The Home Selling Process: An Overview


If you’re reading this, you are likely considering selling your home! Which means that you have, at least, BOUGHT a home in the past, so you aren’t completely new to the entire house buying process, but perhaps it’s been a while. So, let’s review the basic steps!


Step 1: Find out what your home is worth. Use a professional, active Realtor and find out your home’s actual value. Not an estimate or best guess based on what your neighbor’s home sold for or what a website tells you based simply on raw data. So much goes into pricing your home correctly-doing this right is a crucial step to keep you from either losing money from pricing too low or spending way too much time on the market by pricing too high.

Step 2: What to Repair (or not!). Sit down with your Realtor, who can tell you what needs updating in your home. Technically, you could update your kitchen, bathrooms, flooring, walls, roof, electrical, heating…. but chances are, you don’t need to do all of that! You want to repair and update enough to get the best price on your home, but not so much that you spend more on updating than you’ll get back in the sales price.

Step 3: Get pre-qualified if you’ll be buying another home. Lending rules have changed so much in the last 5-10 years, make sure you won’t be homeless once you’ve sold your house, simply because you didn’t know what you would actually qualify for when looking for a new home.

Step 4: Create a Timeline: You’ll likely have a lot to do, anything from painting, tearing up tile, replacing flooring, or even just deep cleaning your carpets. Sit down and figure out how long each step will take and when you want your home to go on the market. This can be different neighborhood to neighborhood and home to home. The best time to list your home is VERY specific to YOUR home, and your Realtor can discuss the best time for you and the market. There aren’t general rules for this one.


Step 5:
The Three D’s: Deep clean, de-personalize, and de-clutter. Clean up your home and remove ‘you’ from your home. You want potential buyers to see themselves in the home, not see the way you have lived there. Often we move because we need to expand homes and have too much stuff for our current home- get that stuff boxed up and out of your house!

Step 6: Get professional photos. 92% of buyers look online first- get the best possible photos. Staging helps to show your home in its best light as well.

Step 7: List the home! If you’re in Utah County, list on Wednesday.
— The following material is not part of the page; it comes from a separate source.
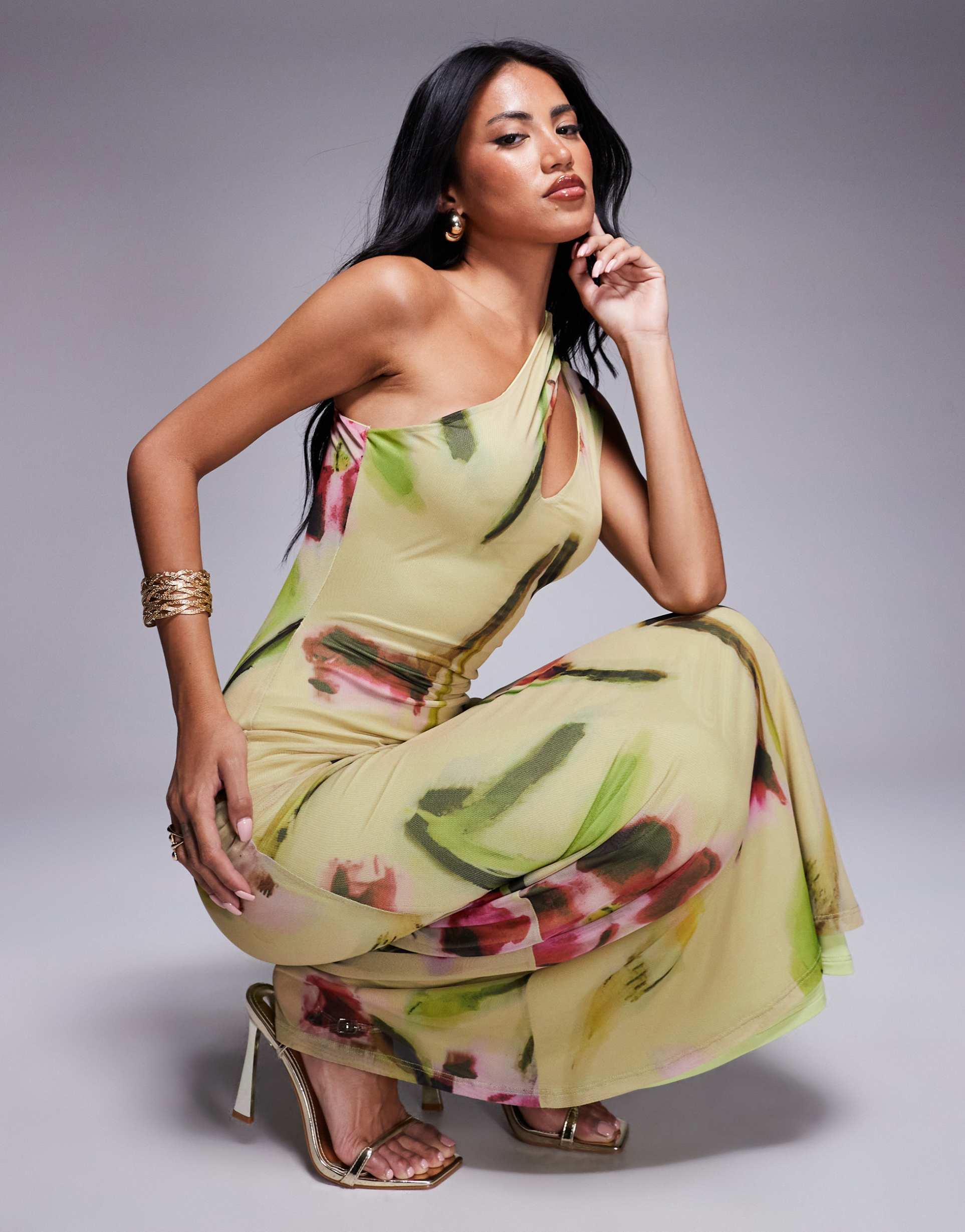 Soft mesh fabric with a fine, sheer texture highlights this modern slip dress featuring a flattering asymmetric neckline and one-shoulder strap. The regular fit skims the body gently, while a bold front cut-out adds edgy appeal. Floral prints in muted green and pink tones bloom across a matte light yellow base, complemented by a clean midi hemline. Ideal for spring and summer events, this versatile piece transitions seamlessly from brunch to cocktail parties and date nights, combining comfort and trendy style with a subtle sexy vibe.

If you’re in Salt Lake County, list on Thursday. Why? Because that is when your motivated buyers are looking. Not the weekend looky-loos who may buy someday, but the people who check the data base every single day because they want a home- NOW!

Step 8: Accept as many showings as possible. Don’t be in the house when there is a showing. It can be uncomfortable for potential buyers. If you’ve staged it correctly, they can picture themselves in your house. If you’re selling a smaller or beginner home, consider going away for a few days to leave the house open for unlimited showings.

Step 9Make your house comfortable. In the summer, set AC extra low. In the winter, make your furnace extra hot. Appease their senses. Make your home smell nice. Don’t have smells that are too strong- smells that make it look like you’re trying to cover something up. You’ll especially want to stay away from chemical smells. Go for neutral, pleasant scents that aren’t too floral. Please, if at all possible, have no pets at home distracting from the showing.

Step 10: Negotiation. You should be getting offers! If your home is one that attracts first time home buyers, you should see offers within two weeks. If it’s in a higher price point, that may be up to 90 days. Once you get offers, you’ll be negotiating. Closing dates, purchase price, inspections, appraisals, type of loan, how qualified they are- any of these things can be negotiated to make the contract more or less appealing. In Utah, contracts are seller friendly, so be careful about everything in the contract (ie, make sure your Realtor goes over it with a fine tooth comb!) because the seller can back out of the sale much more easily than you can. (To save my sellers stress, I always call the lender and make sure that the potential buyer is actually fully qualified so you don’t lose your contract to someone who CAN’T actually purchase the home!)

Step 10: You’re under contract!

Step 11:  You give seller disclosures. You’ll be telling them all about your property, giving them a title report, and any due diligence like HOA fees, etc. If you don’t give them all of these disclosures accurately, they can cancel later because you’ve left something out. Yikes!

Step 12: Inspect Away! The buyers have a period to check up on ANYTHING they want, out of their own pocket. Radon, lead based paint tests, etc. They can check anything and everything: electrical, plumbing, or roofing. After these inspections, they might ask for fixes or price changes.

Step 13: Appraisal. Your home will be appraised. In today’s market, appraisals have been inconsistent, with some coming in too high and, even worse, some coming in short, meaning they appraise for less than the sales price. If that happens, a re-negotiation of the price of the home may be necessary, but there are lots of options to make things work.

Step 14: Sign me up! The buyer and seller both sign all the sales documents and the process is complete!